There’s an argument to be made, and a good one, that the late ’90s Mermaid Avenue sessions with Billy Bragg and Wilco rank among the most significant musical assemblies of late-era rock history. At any rate, this is critical stuff for those trying to understand the deeper emotional core of an America that’s either lost or forgotten, a land of simple gestures and empathies, a place where we regarded one another with some level of humanity and recognition of shared pain. It’s hard to remain in touch with that tradition without creative through-lines like the recordings that came out of this project.

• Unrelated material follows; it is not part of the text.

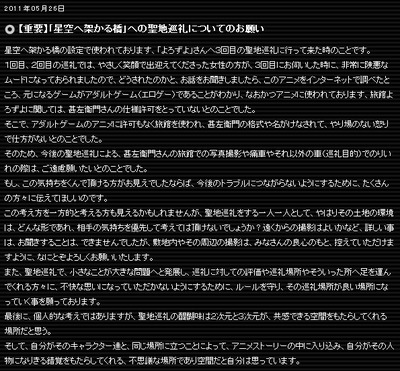 | http://minkara.carview.co.jp/userid/875874/blog/22566417/ アニメ「星空へ架かる橋」に登場する主人公の住まい“旅館・よろずよ”のモデルになった“民宿・甚左衛門”が「勝手にアニメに使用された」として聖地巡礼を目的とした来訪を禁止したと言う話題。 「ストライクウィッチーズ」にてエイラ・イルマタル・ユーティライネン少尉役でブレイクした大橋歩夕(旧・仲井絵里香)さんが出演する作品として、ウチのビューワーさんでも注目されている方が多いでしょう。 私もその一人で毎週楽しみにしており、夏には“旅館・よろずよ”に聖地巡礼しようと“民宿・甚左衛門”の宿泊の計画を立てておりました。 そんな矢先の寝耳に水に、「決して誰にも迷惑をかけませんから、どうか巡礼目的の宿泊と撮影を許可して頂けないでしょうか?」と本日の昼ごろ電話でお伺いをたてたのですが・・・。 問題になったブログの内容は事実と大幅に違う。 主人が言われた禁止事項はただひとつ。 宿泊しない観光客の方の 敷地内への立ち入りと撮影をお断りしています。 これだけ・・・いやそれって常識ちゃうん? そうなんですよ。 このアホの痛車ブロガーは泊まりもせんと厚かましく敷地内で撮影しに来るので、3回目にやんわりと旅館側が断っただけ。 宿泊客ならば巡礼も撮影も問題なし。 宿泊しない観光客でも外回りの撮影までならOK。 至極当たり前の対応です。問題はこのアホブロガーだけ。 | ||

This is important, and the word “important” in inadequate.
I’m sure the argument’s been made.
The Woody Guthrie lyrics earn the headlines and accolades, of course, but the music too is as variegated as the loamy farmland we see from the windows of airplanes soaring cross-country. I think now of the quippy and endearing “My Flying Saucer,” which sets a jangly chord progression against shuffling campfire percussion evoking a halfway exotic mythos (featuring Jeff Tweedy on the cabasa for heaven’s sake). Toward the end of the second chorus, there’s a briefly psychedelic effect on the lead guitar, a twisting tendril on the high note (1:05), which leads into a thick down-tempo solo from Jay Bennett. It’s just that: the voodoo brew of Wilco’s in-studio experimentation with Bragg’s anti-imperialist polemics is just the sort of thing to brighten Guthrie’s legacy and shove it headlong into the turning of the millennium.
You see it again on “At My Window Sad and Lonely” from the first record, this layered and delicate landscape, windswept territory. And then in “Remember the Mountain Bed,” which takes some of Guthrie’s aching, sorrowful poetry and lays it on the lush textures of piano, organ, drum kit, the hollow heartbeat of a nostalgic and abandoned love.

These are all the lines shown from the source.